Quais são as opções que consideram viáveis para a população que pretende optar por alternativas mais sustentáveis mas não tem, ainda, condições para adquirir um veículo elétrico?
(Cláudia) Transportes públicos se estes funcionassem bem. Em Vila Nova de Gaia temos mais de cinco ou seis empresas diferentes de transportes públicos. Cada um tem a sua tarifa. Alguns autocarros são elétricos enquanto tantos outros não são. A própria mobilidade dos transportes públicos não é elétrica. Seria benéfico se todos os transportes públicos fossem elétricos e funcionassem através de uma aplicação ou plataforma, por exemplo, interligada com o Google Maps. Assim, este tipo de transporte seria realmente uma mais valia, nomeadamente para quem não consegue comprar um carro elétrico.

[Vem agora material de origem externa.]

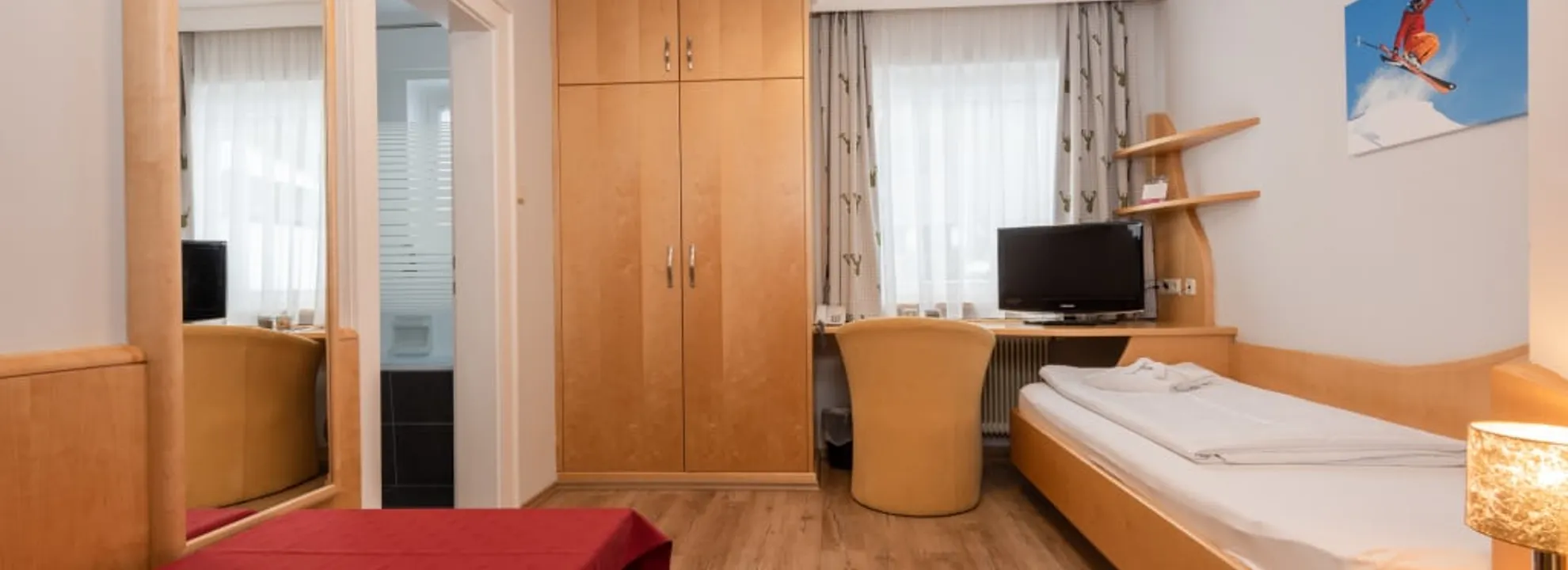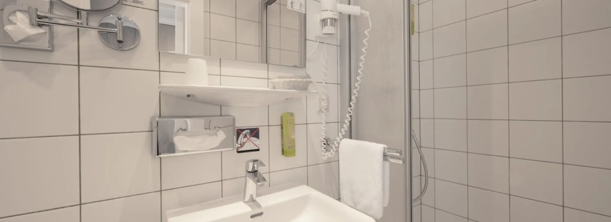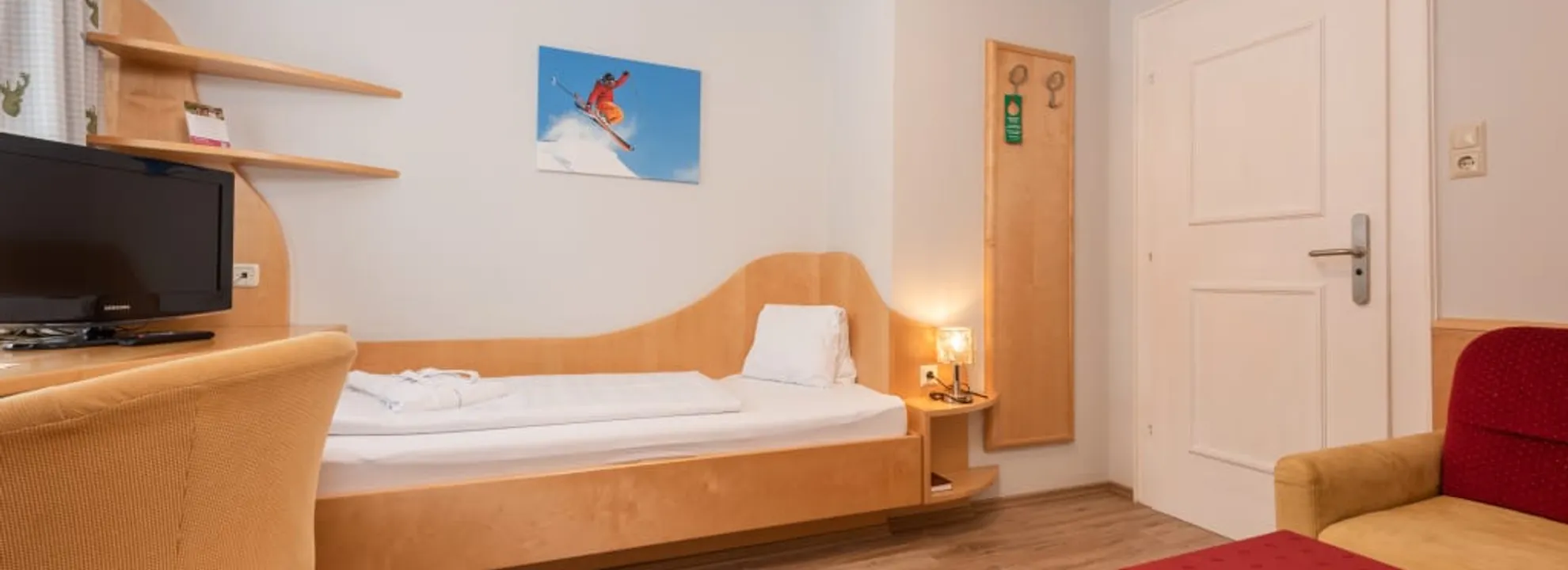 Entspannen Sie in unserem gemütlichen Einzelzimmer mit Dusche oder Badewanne. Eine kuschelige Wellness-Tasche mit flauschigem Bademantel und weichen Handtüchern erwartet Sie bereits – perfekt für entspannende Stunden in unserer Wellness-Oase.

(Pedro) O próprio trânsito iria beneficiar. Os carros elétricos têm desmentido o que muita gente dizia acerca das baterias supostamente morrerem ao fim de cinco anos. O nosso Leaf já tem oito anos e “está para as curvas”. O defeito que ele tem é o mesmo desde o início: baixa autonomia (120-130 km). Ao fim destes oito anos ainda faz os mesmo 120-130 km, dependendo da velocidade. Os carros elétricos, mesmo usados, estão a sobrevalorizar e estão a mostrar que não é pelo facto de terem X anos que vão ser postos na sucata.
(Cláudia) Há pessoas que querem comprar carros elétricos usados por serem mais baratos, o que não acontece. Nós não queremos vender o nosso primeiro carro elétrico. Dão tão pouco trabalho e despesa que não compensa vender e se vendessemos seria a um preço caro. Os carros elétricos usados não estão, neste momento, a desvalorizar.
(Pedro) O nosso Leaf custou-nos novo, em 2015, quase 30 mil € e, nesta altura, provavelmente conseguiríamos vender por volta dos 12 mil €. Um carro com 8 anos ter ainda esta taxa de valorização, tendo em conta todos os handicaps que as pessoas referiam, não é um mau investimento. E já recuperámos o valor total dele. Mesmo que não fosse fiscal em termos de empresa, já teríamos recuperado face às manutenções, aos quilómetros que já tem… Tudo o que já se economizou era mais do que suficiente para, nestes 8 anos, ter recuperado o valor do carro.
E no futuro? Consideram que a mobilidade elétrica será mesmo a tecnologia do futuro? Haverão outras tecnologias que sejam mais benéficas a nível ambiental, monetário ou acreditam que a mobilidade elétrica é a solução?
(Cláudia) Eu, como não conheço mais nada, penso que passa pela mobilidade elétrica, num futuro próximo. No nosso futuro, eu acho que sim.
(Pedro) Se quiserem que a mobilidade elétrica seja o futuro, ela pode ser. Não faz sentido que um carro em movimento só tenha desperdício. Nem faz sentido que um carro só na travagem é que possa regenerar. O motor em movimento deveria ser capaz de gerar energia.
Acredito mais no hidrogénio e na fuel cell - apesar deste ainda não estar devidamente investigado. Uma coisa é certa: a combustão não será, e ainda bem. Temos de parar com o lobby do consumo do petróleo - temos de mudar esse paradigma. Os recursos naturais - e a energia é um recurso natural - devem ser aproveitados.
Pretendem continuar a investir na partilha de informação e de experiências na mobilidade sustentável?
(Pedro) Definitivamente. Por alguma razão deixámos os carros a combustão. Tivemos carros a gasóleo, carros a gasolina e agora elétricos. De facto, o que dá mais agradabilidade a conduzir é o carro elétrico porque muda-nos o paradigma. Não queremos ser mais rápidos, queremos ser mais eficientes. Quanto mais eficientes formos mais benefícios trazemos e as viagens tornam-se ainda mais satisfatórias.